Conceptually, it is problematic since one of the reasons for separating triples into distinct (named) graphs is to avoid propagating the knowledge of one graph to the entire triple base. Sometimes, contradicting graphs need to coexist in a store. Sometimes named graphs are not endorsed by the system as a whole, they are merely quoted.
In Carroll et al. [CARROLL-05], a named graph is defined as a pair comprising an IRI and an RDF graph. The notion of RDF interpretation is extended to named graphs by saying that the graph IRI in the pair must denote the pair itself. This non-ambiguously answers the question of what the graph IRI denotes. This can then be used to define proper dataset semantics, as shown in Section 3.3. Note that it is deliberate that the graph IRI is forced to denote the pair rather than the RDF graph. This is done in order to differentiate two occurrences of the same RDF graph that could have been published at different times, or authored by different people. A simple reference to the RDF graph would simply identify a mathematical set, which is the same wherever it occurs.

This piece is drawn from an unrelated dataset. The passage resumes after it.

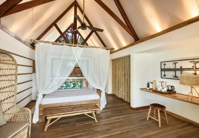 De interieurs zijn stijlvol en ingetogen, met houten vloeren, grote comfortabele bedden onder muskietennetten en mooie accenten van sisal en textiel. In elke bungalow vindt u airconditioning, wifi, een kluisje en een minibar. De lichte, ruime badkamers zijn uitgerust met een douche én verzorgingsproducten.

RDF 1.1 borrows the notion of RDF dataset from the SPARQL specification [RDF-SPARQL-QUERY], with the notable different that RDF 1.1 allows graph names to be blank nodes. So, in order to understand the semantics of dataset, it is worthwhile looking at how SPARQL uses datasets. SPARQL defines what answers to queries posed against a dataset are, but it never defines the notions that are key to a model theoretic formal semantics: it neither presents interpretations nor entailment. Still, it is worth noticing that a ASK query that only contains a basic graph pattern without variables yields the same result as asking whether the RDF graph in the query is entailed by the default graph. Based on this observation, one may extrapolate that a ASK query containing no variables and only GRAPH
graph patterns would yield the same result as dataset entailment.
This can be used as a guide for formalizing the semantics of datasets, as can be seen in Section 3.7.
This section presents the different options proposed, together with their formal definitions. We include each time a discussion of the merits of the choice, and some properties.
Each subsection here describes the option informally, before presenting the formal definitions. As far as the formal part is concerned, one has to be familiar with the definitions given in RDF Semantics. We rely a lot on the notion of interpretation and entailment, which are key in model theory.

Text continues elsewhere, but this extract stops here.